--- Dataset records Enclosed Below ---

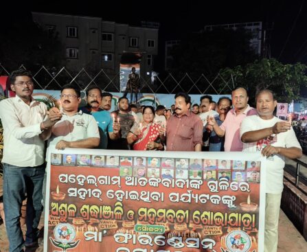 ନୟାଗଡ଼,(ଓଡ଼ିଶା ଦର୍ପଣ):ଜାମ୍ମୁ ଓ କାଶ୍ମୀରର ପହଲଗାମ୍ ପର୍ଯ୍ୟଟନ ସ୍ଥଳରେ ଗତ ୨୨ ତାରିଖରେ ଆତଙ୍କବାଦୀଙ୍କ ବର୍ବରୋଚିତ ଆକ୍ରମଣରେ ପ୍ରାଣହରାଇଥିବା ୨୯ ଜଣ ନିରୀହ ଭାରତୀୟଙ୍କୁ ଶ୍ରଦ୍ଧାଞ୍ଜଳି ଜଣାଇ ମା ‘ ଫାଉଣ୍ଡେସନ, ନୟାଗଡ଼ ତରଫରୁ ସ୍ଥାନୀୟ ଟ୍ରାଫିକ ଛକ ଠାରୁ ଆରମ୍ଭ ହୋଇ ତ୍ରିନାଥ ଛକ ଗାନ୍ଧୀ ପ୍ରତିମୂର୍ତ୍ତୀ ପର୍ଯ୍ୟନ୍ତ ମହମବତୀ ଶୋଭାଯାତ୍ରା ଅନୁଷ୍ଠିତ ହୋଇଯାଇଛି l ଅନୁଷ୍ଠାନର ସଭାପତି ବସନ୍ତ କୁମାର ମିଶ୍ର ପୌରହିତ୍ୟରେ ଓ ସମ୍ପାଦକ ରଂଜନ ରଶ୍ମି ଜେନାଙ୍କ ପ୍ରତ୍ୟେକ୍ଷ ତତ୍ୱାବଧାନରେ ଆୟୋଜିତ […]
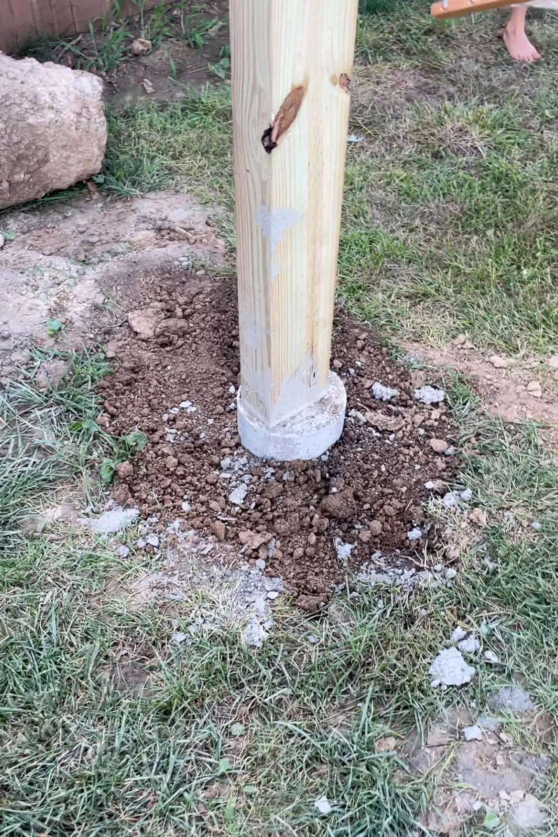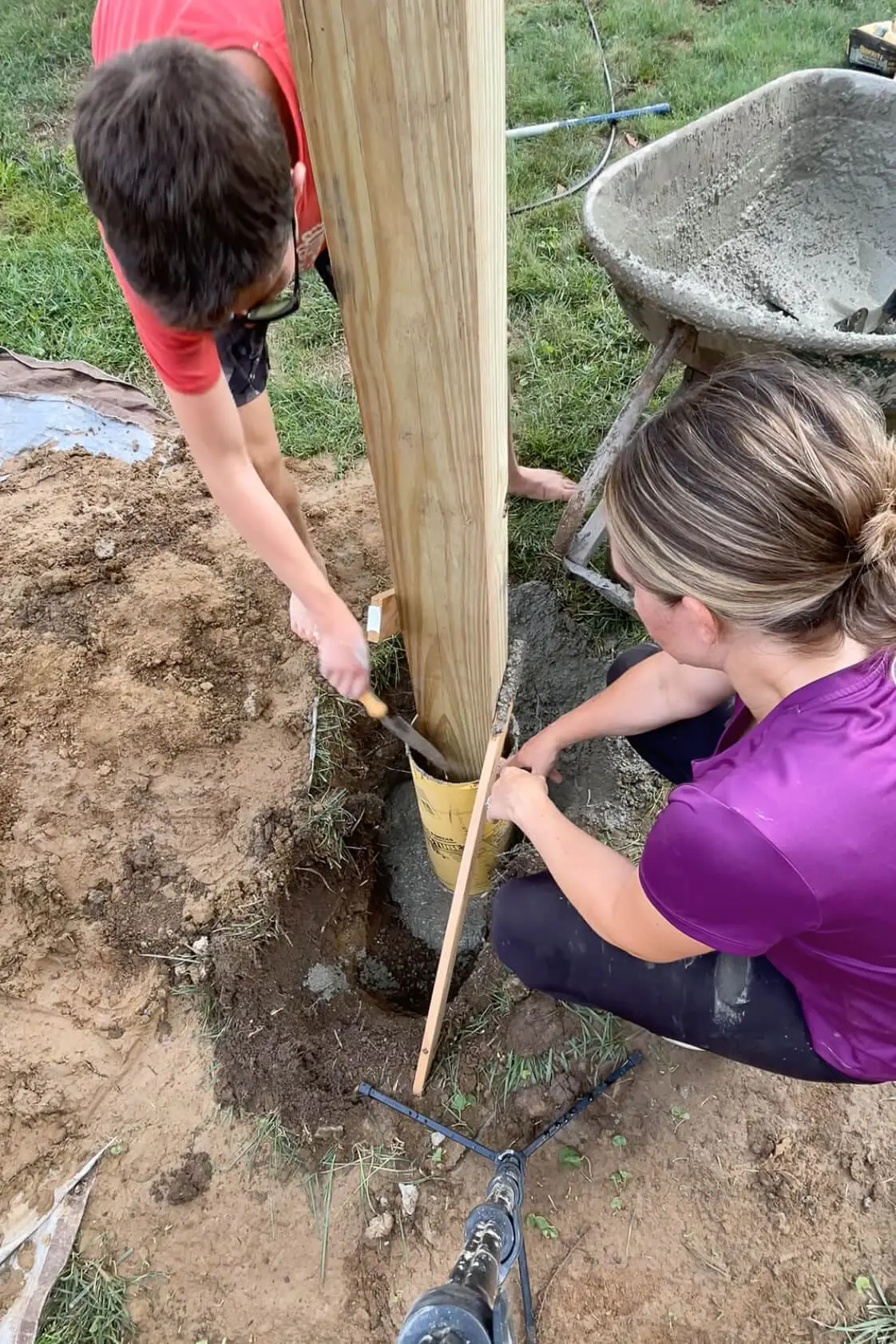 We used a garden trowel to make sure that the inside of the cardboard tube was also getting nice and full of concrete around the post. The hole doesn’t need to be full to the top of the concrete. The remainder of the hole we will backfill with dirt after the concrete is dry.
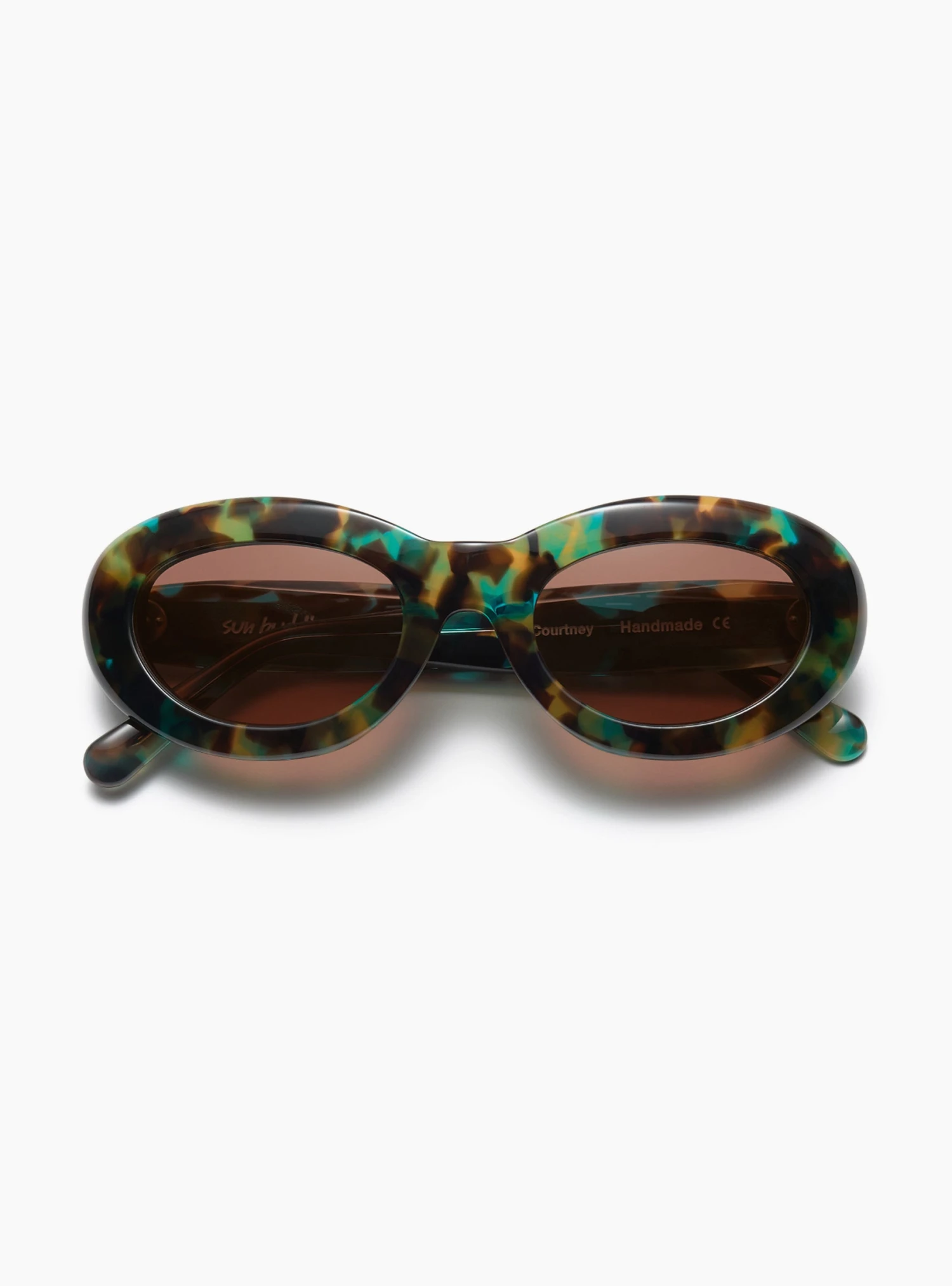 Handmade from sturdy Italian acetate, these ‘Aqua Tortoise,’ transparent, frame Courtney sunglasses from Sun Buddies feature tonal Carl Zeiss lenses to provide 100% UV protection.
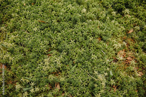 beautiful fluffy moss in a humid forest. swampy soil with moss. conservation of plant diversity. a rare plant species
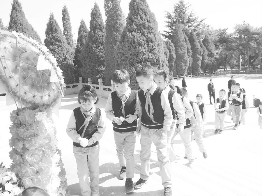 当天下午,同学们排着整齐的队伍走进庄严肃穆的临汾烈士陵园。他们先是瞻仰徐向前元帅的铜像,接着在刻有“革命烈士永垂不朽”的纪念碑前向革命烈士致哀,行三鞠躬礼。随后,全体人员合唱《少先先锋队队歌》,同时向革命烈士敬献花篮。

--- End of Enclosed Dataset records ---
--- Dataset records Enclosed Below ---

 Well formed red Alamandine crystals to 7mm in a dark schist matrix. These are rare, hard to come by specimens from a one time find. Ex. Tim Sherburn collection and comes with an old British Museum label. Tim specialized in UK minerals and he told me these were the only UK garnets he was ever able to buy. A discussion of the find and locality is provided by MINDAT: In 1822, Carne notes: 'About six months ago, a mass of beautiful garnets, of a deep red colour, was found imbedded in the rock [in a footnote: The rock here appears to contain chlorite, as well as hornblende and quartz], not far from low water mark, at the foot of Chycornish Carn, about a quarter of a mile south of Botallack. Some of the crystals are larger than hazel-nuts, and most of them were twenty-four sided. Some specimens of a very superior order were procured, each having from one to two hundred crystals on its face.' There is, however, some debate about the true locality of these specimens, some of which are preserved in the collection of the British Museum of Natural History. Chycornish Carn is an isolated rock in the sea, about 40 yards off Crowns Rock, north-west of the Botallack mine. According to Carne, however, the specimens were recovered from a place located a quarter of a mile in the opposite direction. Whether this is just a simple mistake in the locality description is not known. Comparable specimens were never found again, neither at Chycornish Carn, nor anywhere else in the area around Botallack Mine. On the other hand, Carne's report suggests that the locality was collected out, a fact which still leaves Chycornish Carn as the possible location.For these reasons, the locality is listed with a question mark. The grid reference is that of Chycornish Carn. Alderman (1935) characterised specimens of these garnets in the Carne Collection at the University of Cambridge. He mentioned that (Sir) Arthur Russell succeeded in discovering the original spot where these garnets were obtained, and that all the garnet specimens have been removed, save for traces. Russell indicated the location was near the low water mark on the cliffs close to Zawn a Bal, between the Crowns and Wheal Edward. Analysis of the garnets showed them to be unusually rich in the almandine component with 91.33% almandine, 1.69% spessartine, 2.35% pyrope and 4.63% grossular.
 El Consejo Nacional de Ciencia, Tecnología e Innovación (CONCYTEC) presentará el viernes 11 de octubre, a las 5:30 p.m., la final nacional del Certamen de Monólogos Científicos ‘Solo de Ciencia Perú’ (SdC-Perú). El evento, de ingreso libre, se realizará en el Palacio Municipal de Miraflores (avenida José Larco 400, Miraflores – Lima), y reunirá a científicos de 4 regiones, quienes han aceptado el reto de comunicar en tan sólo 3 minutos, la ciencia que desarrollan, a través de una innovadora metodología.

--- End of Enclosed Dataset records ---

Problem description
Going by the entries above, repeat exactly the lines that start at the line with "We used a garden" and go on through the line with "当天下午,同学们排着整齐的队". Pictures are not part of the copy.

Final answer
 We used a garden trowel to make sure that the inside of the cardboard tube was also getting nice and full of concrete around the post. The hole doesn’t need to be full to the top of the concrete. The remainder of the hole we will backfill with dirt after the concrete is dry.
 Handmade from sturdy Italian acetate, these ‘Aqua Tortoise,’ transparent, frame Courtney sunglasses from Sun Buddies feature tonal Carl Zeiss lenses to provide 100% UV protection.
 beautiful fluffy moss in a humid forest. swampy soil with moss. conservation of plant diversity. a rare plant species
 当天下午,同学们排着整齐的队伍走进庄严肃穆的临汾烈士陵园。他们先是瞻仰徐向前元帅的铜像,接着在刻有“革命烈士永垂不朽”的纪念碑前向革命烈士致哀,行三鞠躬礼。随后,全体人员合唱《少先先锋队队歌》,同时向革命烈士敬献花篮。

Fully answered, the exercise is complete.